5. Beware of These Shortfalls: Your new artificial intelligence copywriter isn’t perfect. It has several performance issues you should know about.

• It isn’t good at fact-checking. In ChatGPT’s enthusiasm to write everything you ask for, the program tends to misstate facts, misunderstand content and sometimes make things up entirely.
• It isn’t up to date. The official ChatGPT training library cutoff is September 2021, meaning it “knows” very little about anything that happened within the last year and a half.
• It doesn’t provide sources or understand any of the guidelines set by the SEC or Finra, so you must be careful to use it with caution to ensure you adhere to all copyright rules and compliance regulations.
• It doesn’t know marketing best practices. There is a skill to writing social posts, emails, blogs, etc. that drive engagement with your target audience, calm clients’ nerves, or pique the interest of prospects.

Dos And Don’ts
There are a number of things you should do or keep in mind when working with this new technology to help you get the best results.

• Ask the platform to edit content you’ve already created. ChatGPT excels at customizing existing content to your voice and can provide pithy summaries of longer pieces. As a bonus, this approach also eliminates many of your fact-checking risks, since you’ve already worked on the content before.
• Don’t expect to get it right the first time. A good output usually requires some back-and-forth refinement and editing.
• Fact-check everything! ChatGPT tends to generate statistics and other information that might not hold up to closer scrutiny.
• Edit your content for compliance as well as marketing.

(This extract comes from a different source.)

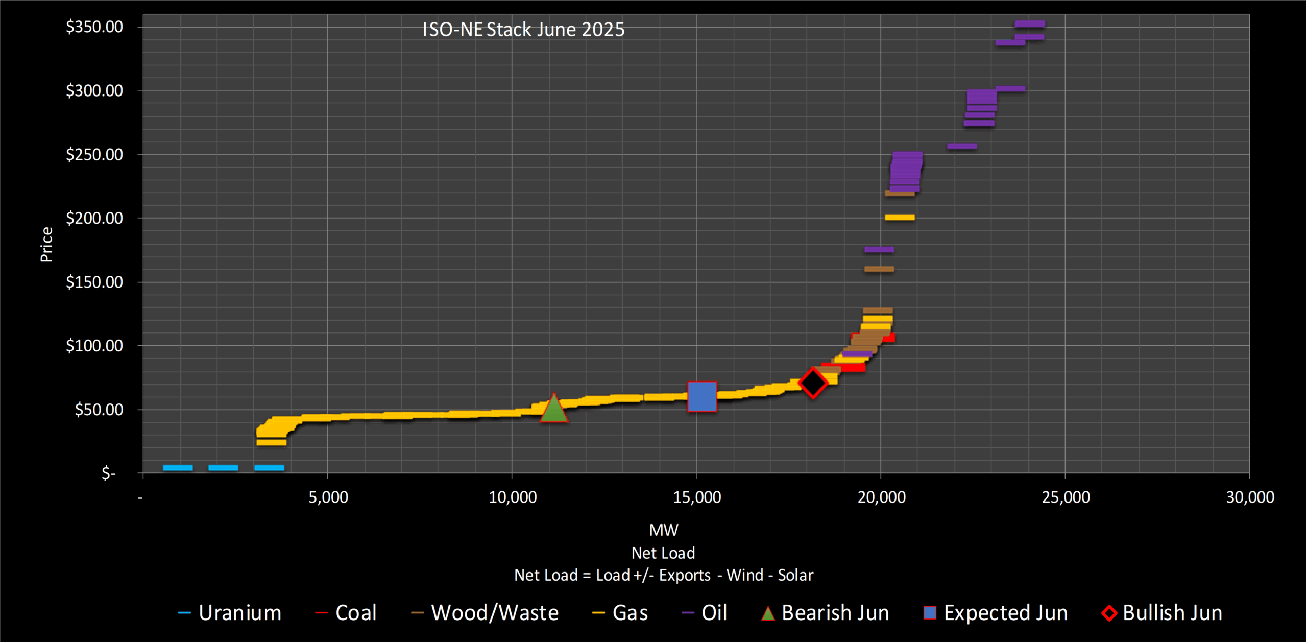 For the first month of summer our outlook is bearish to the market as we expect Brandon Shores to run 2 units more frequently as they begin their RMR contract. This should help to mute much of the NOTT/CONA-NRTH congestion. The risk to our view, we are modeling roughly 2-3% load growth which combined with a “heat wave,” could push WHUB heat rates near our bullish scenario.

ChatGPT doesn’t understand compliance rules, even when prompted, and might sneak in promissory language or some other wording that just doesn’t pass muster.
• Watch for new integrations. Companies across multiple industries are rushing to develop software integrations that make up for ChatGPT’s shortfalls, and these will make it easier to use this powerful tool. Keep an eye out for the latest and greatest.

Conclusion
I hope these tips help you better understand ChatGPT’s strengths, weaknesses and powerful potential. This isn’t the first time a disruptive technology has promised important changes in our work and lives (think of pocket calculators and the internet). You’re going to hear some people talk about the downsides of ChatGPT or say we shouldn’t use it. But eventually the benefits will outweigh the drawbacks, and we won’t be able to imagine a world without it.

I recently emailed Bob Veres, the well-known author and industry thought leader, who summed it up nicely. “It’s funny; I looked at ChatGPT and found absolutely nothing to worry about,” he said. “It seems to do a good job of pulling a lot of data together from sources on the web and organizing it pretty well into a plausible communication structure.”

Still, he added, “I don’t think AI is very good at interviewing people, asking relevant questions, combining their answers with the needs and interests of an audience, and then producing content that doesn’t exist anywhere on the cloud.”

If you’re interested in jumping in with other early adopters, remember to use the technology for what it’s good at. Be cautious and aware of what it isn’t good at.

Whatever it is, whenever you seek out technology, you should make sure it’s something that’s helping you with the business processes you already have.

Susan Theder is the chief marketing and experience officer at FMG Suite.